Even though I'm sure I went camping as a kid, and I've gone on cabin trips as a young adult, the camping trip I took this weekend didn't quite feel the same. This time, there was no electricity to light my room or parents to take care of me. Just myself, my boyfriend Ben, my friends––Shannan and Ben W., and a car-full of camping supplies and food. For me, the trip was an experience that made me think about all the responsibilities we take for granted in the modern. We were forced to deal with things that our daily lives generally let us ignore––the dark, the cold, bugs, dirt,
But...maybe I'm being a little bit hyperbolic here. We only went to Mount Diablo, which is so close to home that we barely had to leave the county. Plus, we had what some would consider a pretty cushy campsite. Basic amenities––running water, bathrooms, showers––were all provided. My car was nearby. Hell, my phone was even fully functional and internet-ready the entire trip. Comforts aside, the 2500-foot elevation and the complete change in landscape still made it feel like we were escaping the hustle–and–bustle of city life. And as an inexperienced camper, the Juniper Campground at Mount Diablo provided just the right amount of discomfort to make the trip exciting, but not enough to make me feel overly uneasy. Though our trip wasn't incredibly eventful––really all we did was set up and take down, hike, and eat––everything we did seemed like an adventure, simply because we were camping.
Here's a little breakdown of what happened this weekend:
We reached our campsite after a windy, uphill drive, and found a nice little spot within the Juniper Campground to set up our home for the weekend. I was so excited to be there––even little tasks like taking the food out of the car or connecting tent-poles––seemed exciting. We raced the sun, trying to put up our tent, unpack our supplies and make dinner, while we still had daylight.
After getting ready for the day, we had a hearty breakfast consisting of hard-boiled eggs, left-over hot-dogs, and fruit to prepare for the long hike to the summit of Mount Diablo. Soon after, we hit the trails and hiked the 1500 feet up the mountain, stopping here and there to catch our breath, to take a water break, to snap a photo. By the time we got to the lower part of the summit, we were wiped out and decided to take a little break to refuel with water, trail mix, apples, and CLIF bars.
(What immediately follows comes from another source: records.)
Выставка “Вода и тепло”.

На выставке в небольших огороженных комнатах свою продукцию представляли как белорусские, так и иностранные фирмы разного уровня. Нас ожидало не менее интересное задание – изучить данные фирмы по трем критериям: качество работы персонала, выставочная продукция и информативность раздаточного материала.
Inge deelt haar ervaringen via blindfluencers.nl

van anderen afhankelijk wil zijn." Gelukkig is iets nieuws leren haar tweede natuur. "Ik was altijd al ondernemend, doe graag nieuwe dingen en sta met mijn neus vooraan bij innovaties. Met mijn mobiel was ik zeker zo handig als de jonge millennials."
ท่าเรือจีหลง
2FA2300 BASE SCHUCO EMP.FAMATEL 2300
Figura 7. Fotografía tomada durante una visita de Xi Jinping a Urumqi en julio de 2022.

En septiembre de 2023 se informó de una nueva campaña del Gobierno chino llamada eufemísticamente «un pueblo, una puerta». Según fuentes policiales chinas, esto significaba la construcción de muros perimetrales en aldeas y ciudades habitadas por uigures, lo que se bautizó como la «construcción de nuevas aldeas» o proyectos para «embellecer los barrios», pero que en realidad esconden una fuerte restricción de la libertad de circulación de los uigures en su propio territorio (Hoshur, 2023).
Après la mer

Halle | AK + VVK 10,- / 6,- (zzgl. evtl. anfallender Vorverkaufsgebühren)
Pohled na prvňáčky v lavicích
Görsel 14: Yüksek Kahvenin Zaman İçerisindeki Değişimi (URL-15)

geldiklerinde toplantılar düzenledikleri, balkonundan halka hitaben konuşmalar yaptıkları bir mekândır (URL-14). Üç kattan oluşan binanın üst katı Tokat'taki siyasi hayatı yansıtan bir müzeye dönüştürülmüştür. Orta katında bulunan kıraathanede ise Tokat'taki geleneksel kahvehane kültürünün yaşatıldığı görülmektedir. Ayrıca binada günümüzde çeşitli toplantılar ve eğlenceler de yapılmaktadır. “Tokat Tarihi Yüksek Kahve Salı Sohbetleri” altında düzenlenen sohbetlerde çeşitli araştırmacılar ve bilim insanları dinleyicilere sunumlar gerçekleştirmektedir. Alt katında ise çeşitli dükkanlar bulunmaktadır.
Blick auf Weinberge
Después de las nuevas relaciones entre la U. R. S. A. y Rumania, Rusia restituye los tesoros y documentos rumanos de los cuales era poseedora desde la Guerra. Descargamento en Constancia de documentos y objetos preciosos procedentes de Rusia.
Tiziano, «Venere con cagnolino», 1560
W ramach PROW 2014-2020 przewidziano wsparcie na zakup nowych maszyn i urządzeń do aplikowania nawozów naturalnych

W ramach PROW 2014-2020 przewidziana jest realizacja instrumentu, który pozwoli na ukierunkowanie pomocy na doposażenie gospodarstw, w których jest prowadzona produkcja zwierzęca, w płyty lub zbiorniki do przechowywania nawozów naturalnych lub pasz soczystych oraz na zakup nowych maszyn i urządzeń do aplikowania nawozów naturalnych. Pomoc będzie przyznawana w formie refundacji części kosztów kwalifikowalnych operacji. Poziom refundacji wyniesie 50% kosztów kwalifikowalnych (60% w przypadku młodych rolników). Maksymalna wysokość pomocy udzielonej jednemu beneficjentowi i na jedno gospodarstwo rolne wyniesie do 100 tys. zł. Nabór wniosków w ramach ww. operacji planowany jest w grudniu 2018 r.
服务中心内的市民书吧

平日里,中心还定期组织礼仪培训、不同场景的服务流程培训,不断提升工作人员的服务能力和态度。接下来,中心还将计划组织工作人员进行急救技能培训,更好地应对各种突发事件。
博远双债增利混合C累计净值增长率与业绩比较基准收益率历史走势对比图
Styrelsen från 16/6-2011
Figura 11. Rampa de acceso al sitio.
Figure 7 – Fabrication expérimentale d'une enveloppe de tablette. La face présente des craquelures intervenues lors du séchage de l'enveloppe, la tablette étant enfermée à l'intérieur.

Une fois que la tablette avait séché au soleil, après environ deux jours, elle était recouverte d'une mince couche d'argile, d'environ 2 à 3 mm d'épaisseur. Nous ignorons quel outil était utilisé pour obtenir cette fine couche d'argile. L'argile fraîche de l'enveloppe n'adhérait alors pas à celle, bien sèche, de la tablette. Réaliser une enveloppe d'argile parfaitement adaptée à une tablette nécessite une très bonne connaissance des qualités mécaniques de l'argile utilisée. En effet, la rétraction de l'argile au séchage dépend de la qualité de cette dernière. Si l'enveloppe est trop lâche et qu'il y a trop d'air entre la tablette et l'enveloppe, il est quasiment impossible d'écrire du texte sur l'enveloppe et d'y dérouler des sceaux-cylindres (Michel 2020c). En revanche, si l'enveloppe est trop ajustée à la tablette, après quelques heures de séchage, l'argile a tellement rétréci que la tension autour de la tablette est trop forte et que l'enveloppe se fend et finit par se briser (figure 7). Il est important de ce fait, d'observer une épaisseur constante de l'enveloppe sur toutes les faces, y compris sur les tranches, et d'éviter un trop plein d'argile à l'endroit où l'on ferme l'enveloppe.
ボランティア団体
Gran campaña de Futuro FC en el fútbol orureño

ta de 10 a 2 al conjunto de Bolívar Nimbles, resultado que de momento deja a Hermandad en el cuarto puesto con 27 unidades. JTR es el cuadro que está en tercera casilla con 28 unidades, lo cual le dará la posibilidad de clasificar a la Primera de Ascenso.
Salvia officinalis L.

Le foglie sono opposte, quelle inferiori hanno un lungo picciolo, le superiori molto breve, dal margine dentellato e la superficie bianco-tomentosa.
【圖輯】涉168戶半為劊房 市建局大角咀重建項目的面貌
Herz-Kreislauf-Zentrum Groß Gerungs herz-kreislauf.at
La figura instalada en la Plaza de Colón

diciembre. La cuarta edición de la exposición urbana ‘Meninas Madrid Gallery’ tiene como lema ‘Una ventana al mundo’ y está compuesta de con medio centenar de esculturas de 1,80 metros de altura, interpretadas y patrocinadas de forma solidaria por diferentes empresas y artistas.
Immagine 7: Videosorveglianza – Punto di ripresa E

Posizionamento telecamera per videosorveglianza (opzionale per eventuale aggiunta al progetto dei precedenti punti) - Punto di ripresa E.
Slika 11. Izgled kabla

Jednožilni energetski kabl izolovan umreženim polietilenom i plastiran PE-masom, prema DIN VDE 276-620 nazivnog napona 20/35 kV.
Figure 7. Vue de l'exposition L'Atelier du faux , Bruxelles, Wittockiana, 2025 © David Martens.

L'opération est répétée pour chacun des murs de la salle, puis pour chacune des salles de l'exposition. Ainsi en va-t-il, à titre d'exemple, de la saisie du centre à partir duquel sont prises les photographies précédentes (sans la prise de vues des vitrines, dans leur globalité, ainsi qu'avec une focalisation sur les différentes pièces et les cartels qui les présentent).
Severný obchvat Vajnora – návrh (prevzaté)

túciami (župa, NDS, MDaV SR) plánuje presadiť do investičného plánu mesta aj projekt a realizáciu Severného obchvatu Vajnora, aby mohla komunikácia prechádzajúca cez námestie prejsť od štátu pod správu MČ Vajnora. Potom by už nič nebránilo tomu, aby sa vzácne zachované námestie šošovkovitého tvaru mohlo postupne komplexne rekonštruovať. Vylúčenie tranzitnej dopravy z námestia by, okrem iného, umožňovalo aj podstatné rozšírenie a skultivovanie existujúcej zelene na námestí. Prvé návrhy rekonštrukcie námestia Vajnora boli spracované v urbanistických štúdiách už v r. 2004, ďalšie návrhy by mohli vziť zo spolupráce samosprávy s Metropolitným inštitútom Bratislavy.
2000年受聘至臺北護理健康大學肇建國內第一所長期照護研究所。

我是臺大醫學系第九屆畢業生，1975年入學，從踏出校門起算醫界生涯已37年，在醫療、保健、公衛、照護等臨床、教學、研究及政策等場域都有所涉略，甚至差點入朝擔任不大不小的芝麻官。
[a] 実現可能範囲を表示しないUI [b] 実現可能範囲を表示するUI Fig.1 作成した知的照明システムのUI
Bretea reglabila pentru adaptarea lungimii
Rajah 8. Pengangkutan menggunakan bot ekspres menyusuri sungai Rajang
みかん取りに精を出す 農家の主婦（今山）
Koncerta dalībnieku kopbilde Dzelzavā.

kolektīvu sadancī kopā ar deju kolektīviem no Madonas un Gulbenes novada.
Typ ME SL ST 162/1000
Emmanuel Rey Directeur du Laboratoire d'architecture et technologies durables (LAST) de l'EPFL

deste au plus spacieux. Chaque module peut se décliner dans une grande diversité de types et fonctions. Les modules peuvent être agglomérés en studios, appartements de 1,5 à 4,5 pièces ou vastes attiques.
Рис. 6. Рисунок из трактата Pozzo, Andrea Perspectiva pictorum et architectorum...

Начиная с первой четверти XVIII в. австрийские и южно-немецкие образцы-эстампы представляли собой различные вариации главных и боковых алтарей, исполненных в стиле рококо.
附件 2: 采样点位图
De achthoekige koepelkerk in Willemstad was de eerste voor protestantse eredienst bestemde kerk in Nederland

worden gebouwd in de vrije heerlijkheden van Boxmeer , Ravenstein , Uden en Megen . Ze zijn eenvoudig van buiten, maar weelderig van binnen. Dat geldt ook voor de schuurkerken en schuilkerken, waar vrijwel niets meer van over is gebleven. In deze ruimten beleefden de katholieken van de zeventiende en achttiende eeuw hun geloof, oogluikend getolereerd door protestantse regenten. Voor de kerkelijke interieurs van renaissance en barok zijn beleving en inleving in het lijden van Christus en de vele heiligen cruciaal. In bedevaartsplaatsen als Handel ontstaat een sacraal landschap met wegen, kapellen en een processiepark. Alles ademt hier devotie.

Once we had gathered up enough energy again, we climbed the last 500 feet to the top of the summit. When we got there, we checked out the small visitors' center (why not?) and looked out at the stunning views from the observation deck. There was a picturesque panorama of rolling hills below a blue sky speckled with long white clouds. Though it was a tough hike for four out-of-shape friends, it was worth it for the beautiful views we got to see. (And, also for bragging rights.)